Every second, physicians, nurses, pharmacists, researchers, and health regulators worldwide generate and use large numbers of essential healthcare information critical to their work: saving lives. Any decision in medicine is based on scientific data, be it for prevention or treatment. Today with all the technological breakthroughs over the past decades, patient care is generating a vast pool of data. The use and exchange of this data have been crucial for new discoveries that lead to a deeper understanding of how our body works and, thus, how to prevent or treat illnesses.
In this context, to better understand the amount of data in healthcare, about 30% of all data today is generated in healthcare.[1] By 2025, its growth rate is expected to reach 36% and thus growing faster than manufacturing, financial services and media & entertainment.[2] For the average patient, this means annually, 80 MB of new healthcare data is generated today and by 2025 close to 110 MB, which would mean for the population in Europe a generation of 82’104 TB of personal data each year.[3][4]
Figure 1 – Global progression of overall data and medical data, the compound annual growth rate by 2025 for different industries and size of health data for a single patient and the European population.[2][3][4][5][6]
How vital health data is shown, for example, by the recent initiative of the European Commission called European Health Data Space (EHDS), particularly the storage, reuse and exchange of up-to-date data.
“Health data are the blood running through the veins of our healthcare systems. The COVID-19 pandemic has shown that up-to-date health data are essential to take well-informed public health measures and respond to crises. The pandemic has also triggered a considerable acceleration in the uptake of digital tools. Unfortunately, there are still complex obstacles that make it difficult to reach the full potential of digital health and health data.
The European Health Data Space will overcome these obstacles. It is a health-specific data sharing framework establishing clear rules, common standards and practices, infrastructures and a governance framework for using electronic health data by patients and for research, innovation, policy making, patient safety, statistics or regulatory purposes.” [7]
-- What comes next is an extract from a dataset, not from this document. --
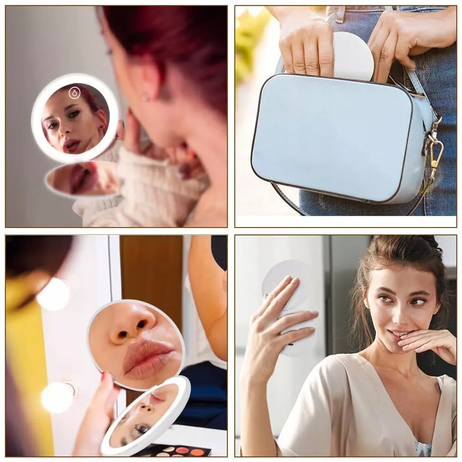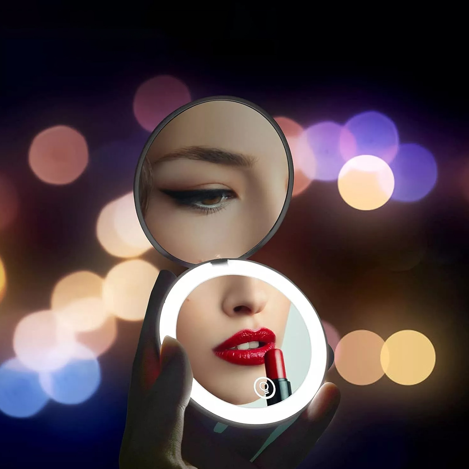 Збільшення дзеркала світлодіодного макіяжу 1x/10x кишенькове косметичне дзеркало

But data generation is solely a starting point in times of sustainability and the need for faster turnaround times of diagnosis. Reusing the former generated information and establishing meaningful connections is vital for us to support more efficient research, accelerate more convenient patient care processes, and economically improve our healthcare system.
One of the drivers for this aggregation of data is the medical field of genetics. Over the past 20 years, genomics – a relatively young discipline compared to others in medicine – with connections to all other areas of medicine, as our DNA is responsible for all of our processes within our bodies, has evolved through the Next-Generation Sequencing (NGS) technology to a powerful generator of medical data. We are witnessing how the recent technological breakthroughs have empowered the scaling-up of genomic applications, as it is now possible to sequence the whole genome cost-effectively.
This large amount of information can give insights into diseases in various fields of medicine, as it has already improved the treatment of cancer patients or diagnostics of rare pediatric diseases. Still, there is much more to discover on how our genes affect our body and how these insights can lead to other applications within patient care. But it is a question of time and research effort until correlations between variations in our DNA and illnesses are discovered, which then can function as starting points for treatments or preventive measures.
Considering broader scope genomic applications like the sequencing of the whole-coding region (Whole-Exome Sequencing, i.e., WES) or the whole-genome (Whole-Genome Sequencing, i.e., WGS), the concept of data reusability gains more relevance.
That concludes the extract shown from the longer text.